Ask HN: How are you managing LLM inference at the edge?

4 gray_amps 1 5/8/2025, 5:06:08 PM
I’m building a system to run small LLMs on-device (mobile, IoT, on-prem servers) and would love to hear how others have tackled the challenges.

Context:

Use cases: offline chatbots, smart cameras, local data privacy

Models: 7–13B parameter quantized models (e.g. Llama 2, Vicuna)

Constraints: limited RAM/flash, CPU-only or tiny GPU, intermittent connectivity

Questions:

What runtimes or frameworks are you using (ONNX Runtime, TVM, custom C++)?

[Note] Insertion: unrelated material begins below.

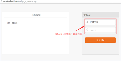 在红色框内输入账号和密码后,点击“认证上网”按钮即可上网。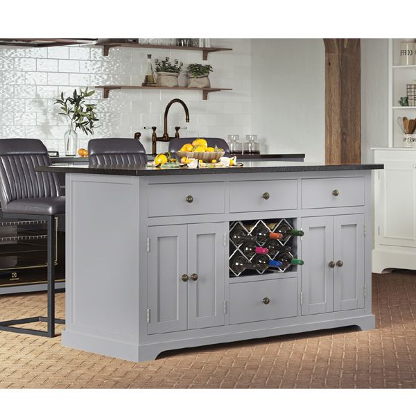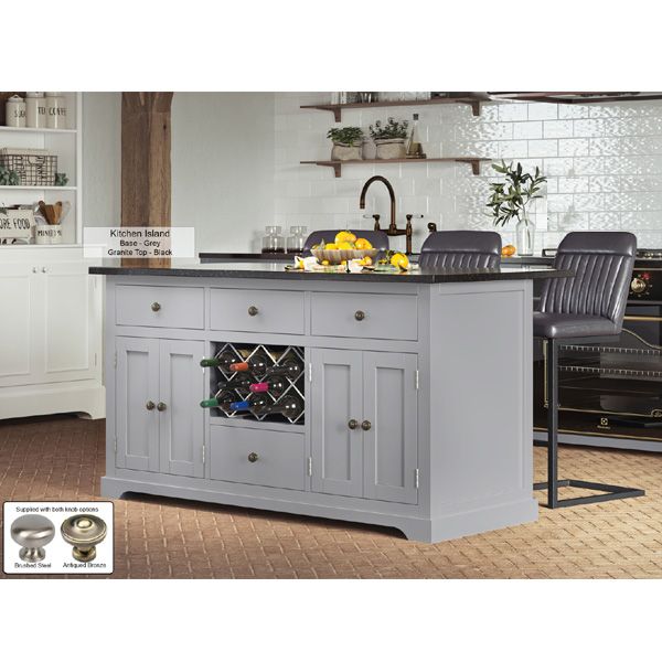Introducing our versatile and stylish kitchen island, a perfect addition to any modern kitchen. With its grey painted base and durable black granite worktop, it offers functionality and elegance. Ideal for storage, food preparation, casual dining, or as a central point for socializing, it features a long-lasting and robust surface. The island includes three drawers and one central drawer, with artificial drawer fronts at the back to accommodate the breakfast bar overhang. Two large cupboards, each with a removable shelf, provide versatile storage options.

How do you handle model loading, eviction, and batching under tight memory?

Any clever tricks for quantization, pruning, or kernel fusions that boost perf?

How do you monitor and update models securely in the field?

Looking forward to your benchmarks, war stories, and code pointers!

Comments (1)

byte-bolter · 5h ago
I’m using ONNX Runtime with 4-bit quantization on a Raspberry Pi 4. I preload the quantized model into shared memory so multiple processes can reuse it. Evict old sessions by LRU when I hit a 1 GB RAM cap. For batching, I accumulate inputs over 50 ms to boost throughput without hurting latency. So far I get ~15 RPS on a 7 B Llama 2 model.